The other banquet belonged not to a parable but to reality. It was a banquet of the iniquitous Herod. It seems that in this case none of those invited refused to come, all were dressed as befitted the occasion, and they enjoyed themselves immensely. The evening passed in drunkenness, in revelry uninhibited by shame or conscience, and it concluded with a monstrous crime, the murder of John the Baptist.

These two banquets are images of two ways of life, two kinds of enjoyment. The first is an image of the spiritual banquet, of spiritual enjoyment. It is arranged by the Lord. This is the banquet of Christ's Church. We are invited to this banquet when we are called to participate in the Divine services, especially the Divine Liturgy and the Communion of the Divine Body and Blood of Christ, when we are called to good works, to vigilance and sobriety. We refuse to go to that banquet when we do not go to church services, when instead of good we do evil, when we prefer life's cares and pleasures to godly life. We come without a wedding garment when we bring an alien, sinful disposition into that life. Each of us is invited to that banquet many times a day, and we refuse each time we prefer what is carnal and sinful to what is spiritual and divine.

Every day we are likewise invited to Herod's banquet. Often we do not immediately realize that we are being tempted by evil. Sin always begins with a small thing. Herod at first even delighted in listening to John the Baptist; inwardly he realized the sinfulness of his conduct, but he did not war against sin and he ended up murdering the great Saint. We go to Herod's sordid banquet each time instead of good we choose carnal, sinful pleasures and hardheartedness; each time we choose to disregard our souls, and so forth.

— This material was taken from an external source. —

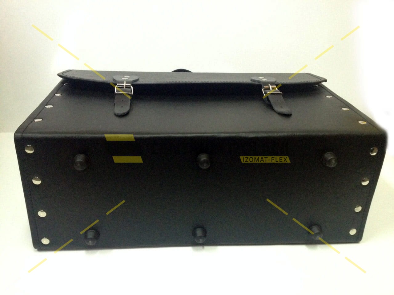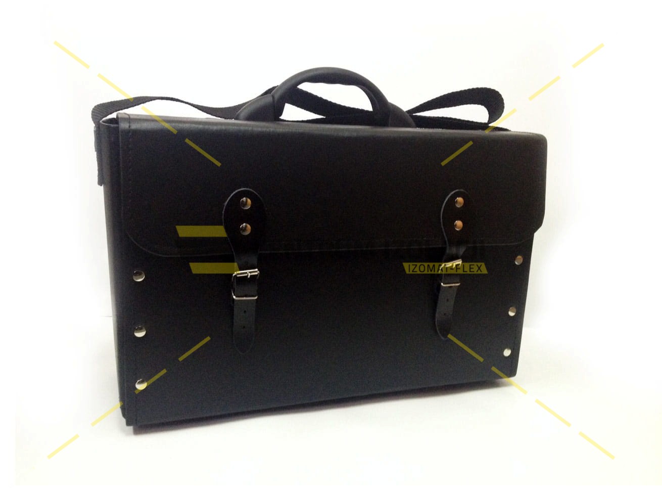 Torba wykonana jest ze skóry ekologicznej. Usztywniona tekturą litą, nitowana i szyta.
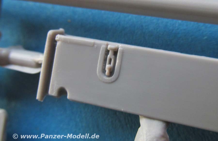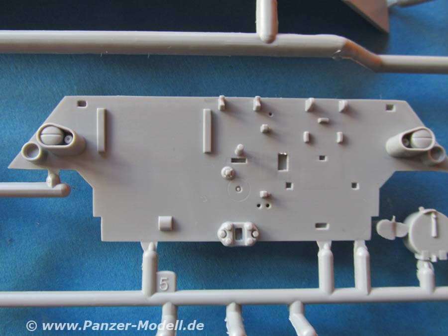 Was dem Bausatz insgesamt leider fehlt, sind klare Plastikteile, die für die Darstellung der Scheinwerfer, Optiken, Winkelspiegel und Schießscheinwerfer eigentlich zwingend erforderlich sind.

Once having begun with what appears small or trivial, it is difficult to stop, and if afterwards we do not catch ourselves in time and do not forcefully take ourselves in hand, we can fall into grave sins and crimes, for which eternal torments await us.

Even now John the Baptist calls to each of us: Repent, for the Kingdom of Heaven is at hand. Repent, in order to enjoy the supper of the Lamb, slain for the sins of the whole world, in the bright, eternal mansions, and not to share with the devil the banquet of malice and torment in Tartarus (in the nether regions) and outer darkness.